* Data for analysis
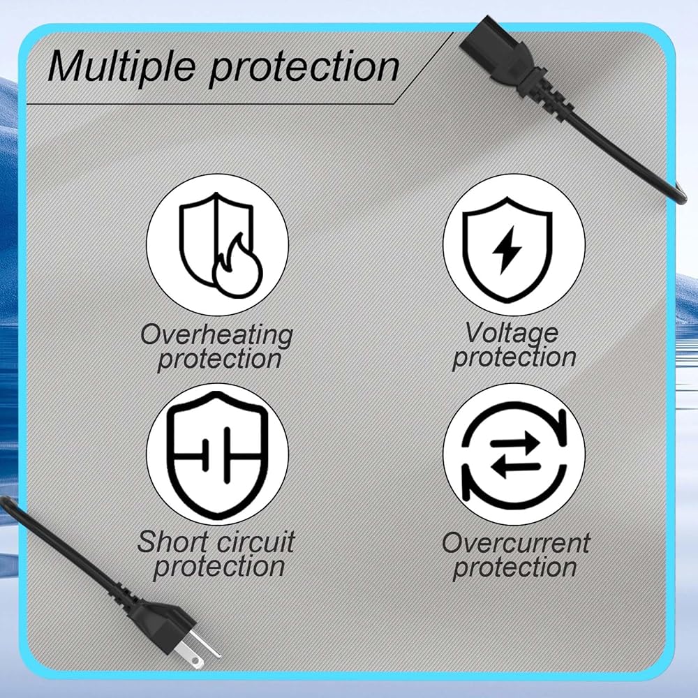 • High Quality Material:Built with high-quality materials, this 5-foot power cord features a non-polarized 3-prong plug . It supports voltages from 100V to 250V at up to 10A, making it an excellent replacement option for old or damaged cords
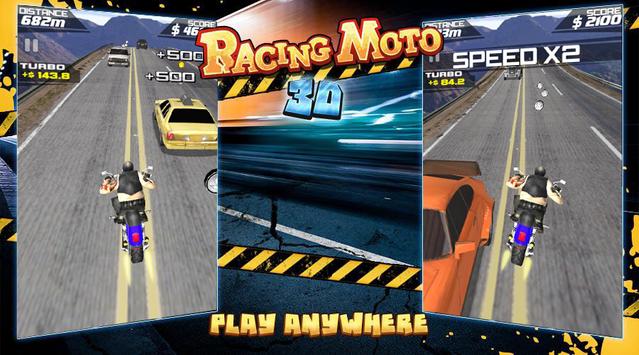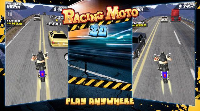 Top MOTO Racing 3D is an endless MOTO racing game. Accelerate your motorcycle at high speed on highways in heavy traffic, get cash, buy new bikes and be the king of the streets !!!
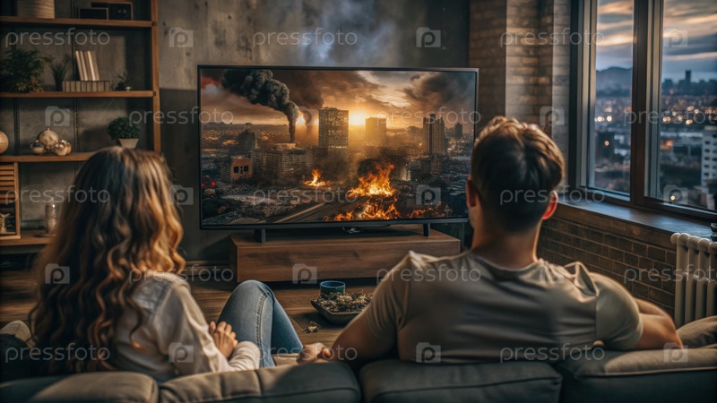 Пара смотрит на противоположные миры, разворачивающиеся по телевизору во время заката
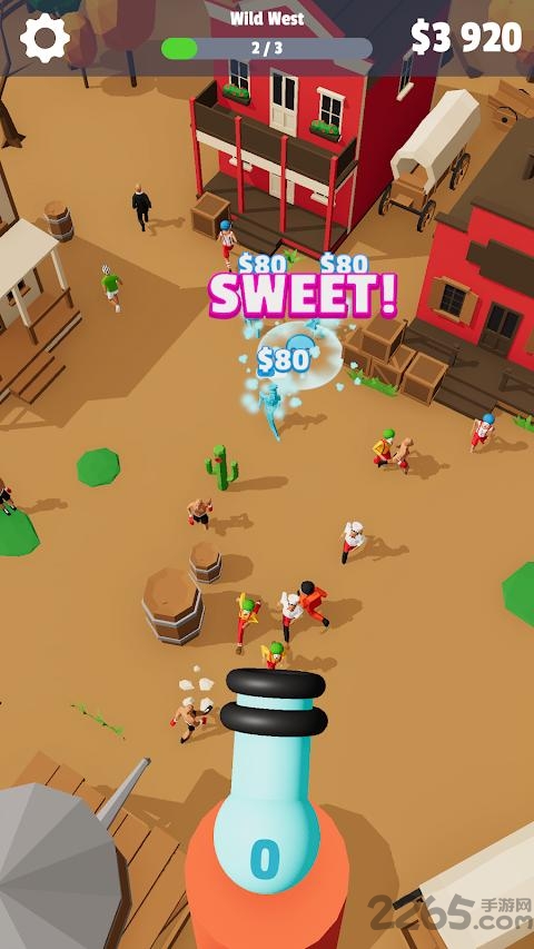 1、游戏对射击精准度要求极高,玩家需要精确计算弹道和落点。场景中会有大量奔跑的小人增加障碍难度,这种设计大大提升了游戏的挑战性和趣味性。
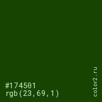 Цвет #174501 в цветовой модели RGB обозначается тремя октетами (23, 69, 1) в десятичном формате и #174501 в шестнадцатиричном (hex) формате, которые являются интенсивностью красного 23 (hex 17), интенсивность зелёного 69 (hex 45) и интенсивность синего 1 (hex 01).
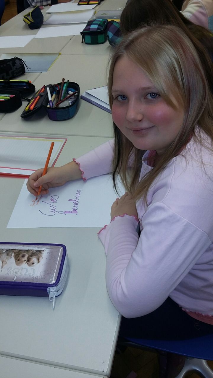 Während am ersten Tag die Erarbeitung des Begriffs „Benehmen“ im Fokus stand, gestaltete den zweiten der drei Projekttage zum großen Themenkreis „Gutes Benehmen“ Dipl. Päd. Karin Matzer. Er handelte von all jenen Dingen, die den so wichtigen ersten Eindruck ausmachen: Kleidung, Gang, Haltung, Körpersprache, Mimik sowie persönliche Hygiene und Verhalten bei Tisch.
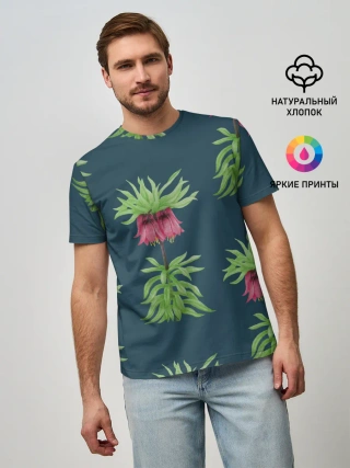 Мужская базовая футболка / Цветы рябчика на темном фоне
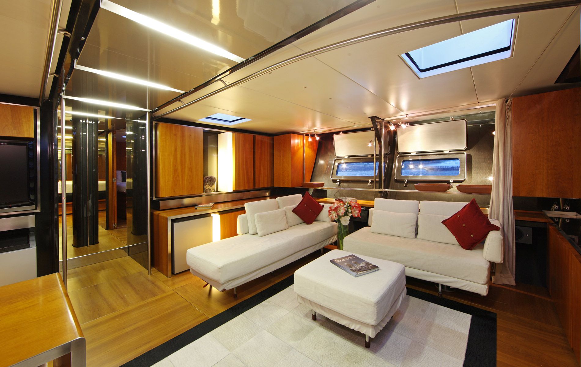The main salon, for example, is one large area that includes the galley and the navigation area. Uniquely, the salon of Wally ‘B’ can be arranged in several different configurations, depending on preference, and her couches can be moved and arranged as can be done in a traditional onshore living room.

* What you need to do
From the first line to the last, return the records exactly and leave the pictures behind.

* Problem solution
 • High Quality Material:Built with high-quality materials, this 5-foot power cord features a non-polarized 3-prong plug . It supports voltages from 100V to 250V at up to 10A, making it an excellent replacement option for old or damaged cords
 Top MOTO Racing 3D is an endless MOTO racing game. Accelerate your motorcycle at high speed on highways in heavy traffic, get cash, buy new bikes and be the king of the streets !!!
 Пара смотрит на противоположные миры, разворачивающиеся по телевизору во время заката
 1、游戏对射击精准度要求极高,玩家需要精确计算弹道和落点。场景中会有大量奔跑的小人增加障碍难度,这种设计大大提升了游戏的挑战性和趣味性。
 Цвет #174501 в цветовой модели RGB обозначается тремя октетами (23, 69, 1) в десятичном формате и #174501 в шестнадцатиричном (hex) формате, которые являются интенсивностью красного 23 (hex 17), интенсивность зелёного 69 (hex 45) и интенсивность синего 1 (hex 01).
 Während am ersten Tag die Erarbeitung des Begriffs „Benehmen“ im Fokus stand, gestaltete den zweiten der drei Projekttage zum großen Themenkreis „Gutes Benehmen“ Dipl. Päd. Karin Matzer. Er handelte von all jenen Dingen, die den so wichtigen ersten Eindruck ausmachen: Kleidung, Gang, Haltung, Körpersprache, Mimik sowie persönliche Hygiene und Verhalten bei Tisch.
 Мужская базовая футболка / Цветы рябчика на темном фоне
The main salon, for example, is one large area that includes the galley and the navigation area. Uniquely, the salon of Wally ‘B’ can be arranged in several different configurations, depending on preference, and her couches can be moved and arranged as can be done in a traditional onshore living room.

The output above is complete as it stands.